## About this task:
Word for word, restate each of the entries below, and drop every picture.

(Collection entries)
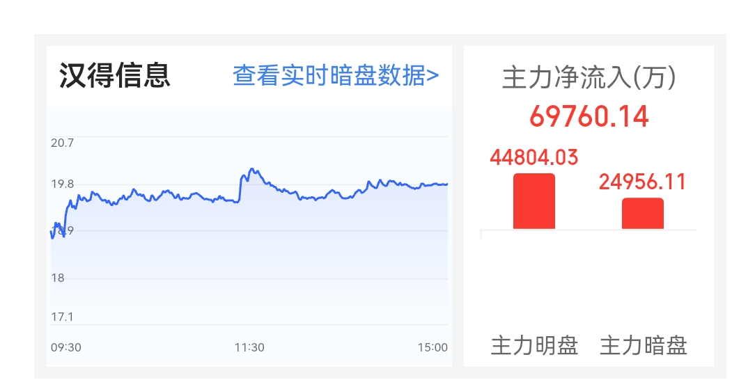 $汉得信息(SZ300170)$ 暗盘资金流入分享
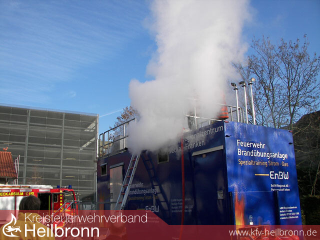 Auf dem Gelände der Feuerwehr Neckarsulm wurde heute durch die EnBW den Feuerwehren im Stadt- und Landkreis Heilbronn eine mobile Übungsanlage vorgestellt, die künftig für die heiße Ausbildung genutzt werden kann. Mit dieser Übungsanlage steht den Feuerwehren jetzt ein wichtiger Baustein für die Optimierung der Feuerwehrausbildung zur Verfügung. Der Container kommt nicht nur im Landkreis Heilbronn sondern in der gesamten Region Franken zum Einsatz.
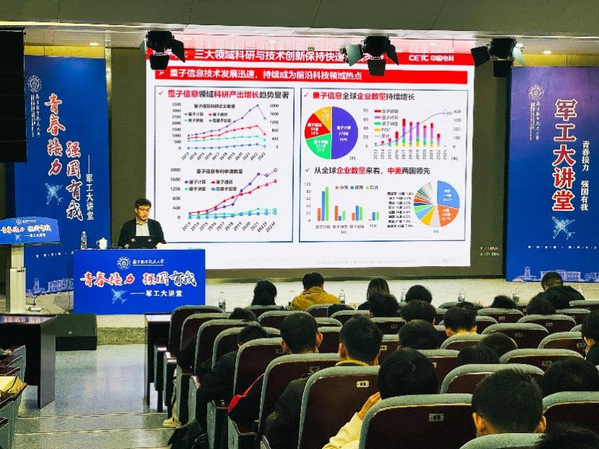 为践行“为党育英才、为国铸重器”的使命担当,丰富学校“三航”特色文化平台,11月21日,我校开展第13期“青春接力、强国有我”军工大讲堂。中国电子科技集团首席专家徐兵杰为师生讲授了题为《深耕量子通信,探索科技前沿,助力国家创新驱动发展战略》的精彩报告。天目湖校区党工委副书记、学生处副处长贡海俊,44118太阳成城集团/软件学院、人工智能学院党委副书记王宁以及300余名师生代表参加活动。
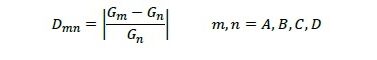 Gm、Gnはそれぞれ水準 m、nの表面粗さ、水準Dmn は水準mとn間の表面粗さの変化率の絶対値、A~DはFRP surface gloss の末尾のアルファベットを意味する。
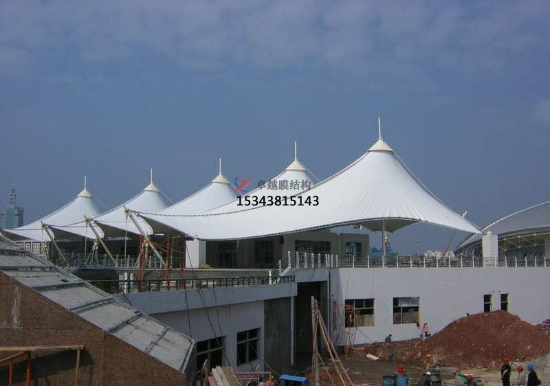 景觀膜結(jié)構(gòu)遮陽棚加工制作主要加工流程包括:進(jìn)料→檢驗(yàn)?zāi)げ?rarr;圖紙技術(shù)會(huì)審→膜片下料、編號(hào)→膜片編排放樣→膜片初拼→高頻駁接→包裝。由于膜材的裁剪、包裝過程都較為復(fù)雜,各種角度變化較多,且加工精度要求非常高,所以在制作過程中要加強(qiáng)質(zhì)量管理,保證制作精度。加工時(shí)的注意事項(xiàng)有:
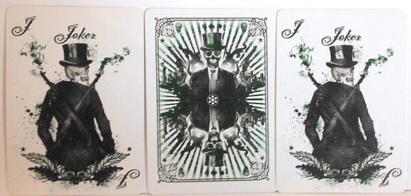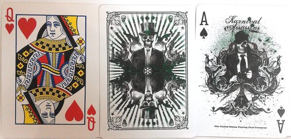 Den mest sålda Karnival-kortleken någonsin – ASSASSINS – släpps på nytt i en helt ny färg. En mörk och levande grön. Som med de ursprungliga Karnival Assassins får du en ny Karnival-stilad baksidedesign, Spaderess, Jokrar och ask. Bicycle Karnival Assassins kommer från BigBlindMedia och har den världsberömda USPCC-Air Cushion Finishen. Denna otroliga nya design i begränsad upplaga skapades av den kända franska konstnären Sam Hayles. En fantastisk(och super subtil) enkelriktad design. Se bilder nedan.
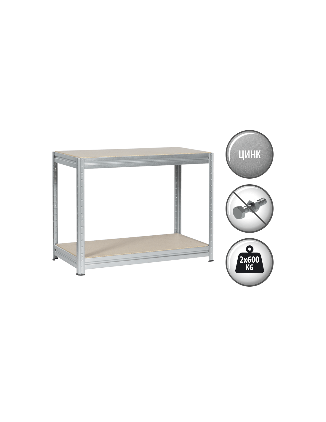 MEGA е стелаж, изработен от галванизиран метал с размери 87x160x60. Намира широко приложение в дома или на работното място. Разполага с два МДФ регулируеми рафта, всеки с максимална товароносимост от 600 кг. Металният стелаж е много лесен за монтаж, благодарение на безболтовата система. Пълна информация за размерите и характеристиките на модела ще намерите в таблицата в таб/поле "Техническа информация".
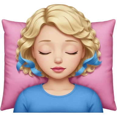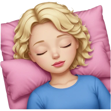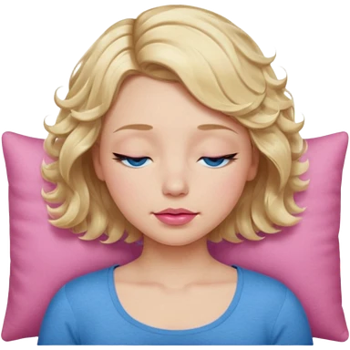 Girl Blonde short wavy hair, blue eyes, cute blue top, long lashes, pink lips, sleeping eyes closed, zzzz emoji | AI Emoji Generator

## Task answer:
 $汉得信息(SZ300170)$ 暗盘资金流入分享
 Auf dem Gelände der Feuerwehr Neckarsulm wurde heute durch die EnBW den Feuerwehren im Stadt- und Landkreis Heilbronn eine mobile Übungsanlage vorgestellt, die künftig für die heiße Ausbildung genutzt werden kann. Mit dieser Übungsanlage steht den Feuerwehren jetzt ein wichtiger Baustein für die Optimierung der Feuerwehrausbildung zur Verfügung. Der Container kommt nicht nur im Landkreis Heilbronn sondern in der gesamten Region Franken zum Einsatz.
 为践行“为党育英才、为国铸重器”的使命担当,丰富学校“三航”特色文化平台,11月21日,我校开展第13期“青春接力、强国有我”军工大讲堂。中国电子科技集团首席专家徐兵杰为师生讲授了题为《深耕量子通信,探索科技前沿,助力国家创新驱动发展战略》的精彩报告。天目湖校区党工委副书记、学生处副处长贡海俊,44118太阳成城集团/软件学院、人工智能学院党委副书记王宁以及300余名师生代表参加活动。
 Gm、Gnはそれぞれ水準 m、nの表面粗さ、水準Dmn は水準mとn間の表面粗さの変化率の絶対値、A~DはFRP surface gloss の末尾のアルファベットを意味する。
 景觀膜結(jié)構(gòu)遮陽棚加工制作主要加工流程包括:進(jìn)料→檢驗(yàn)?zāi)げ?rarr;圖紙技術(shù)會(huì)審→膜片下料、編號(hào)→膜片編排放樣→膜片初拼→高頻駁接→包裝。由于膜材的裁剪、包裝過程都較為復(fù)雜,各種角度變化較多,且加工精度要求非常高,所以在制作過程中要加強(qiáng)質(zhì)量管理,保證制作精度。加工時(shí)的注意事項(xiàng)有:
 Den mest sålda Karnival-kortleken någonsin – ASSASSINS – släpps på nytt i en helt ny färg. En mörk och levande grön. Som med de ursprungliga Karnival Assassins får du en ny Karnival-stilad baksidedesign, Spaderess, Jokrar och ask. Bicycle Karnival Assassins kommer från BigBlindMedia och har den världsberömda USPCC-Air Cushion Finishen. Denna otroliga nya design i begränsad upplaga skapades av den kända franska konstnären Sam Hayles. En fantastisk(och super subtil) enkelriktad design. Se bilder nedan.
 MEGA е стелаж, изработен от галванизиран метал с размери 87x160x60. Намира широко приложение в дома или на работното място. Разполага с два МДФ регулируеми рафта, всеки с максимална товароносимост от 600 кг. Металният стелаж е много лесен за монтаж, благодарение на безболтовата система. Пълна информация за размерите и характеристиките на модела ще намерите в таблицата в таб/поле "Техническа информация".
 Girl Blonde short wavy hair, blue eyes, cute blue top, long lashes, pink lips, sleeping eyes closed, zzzz emoji | AI Emoji Generator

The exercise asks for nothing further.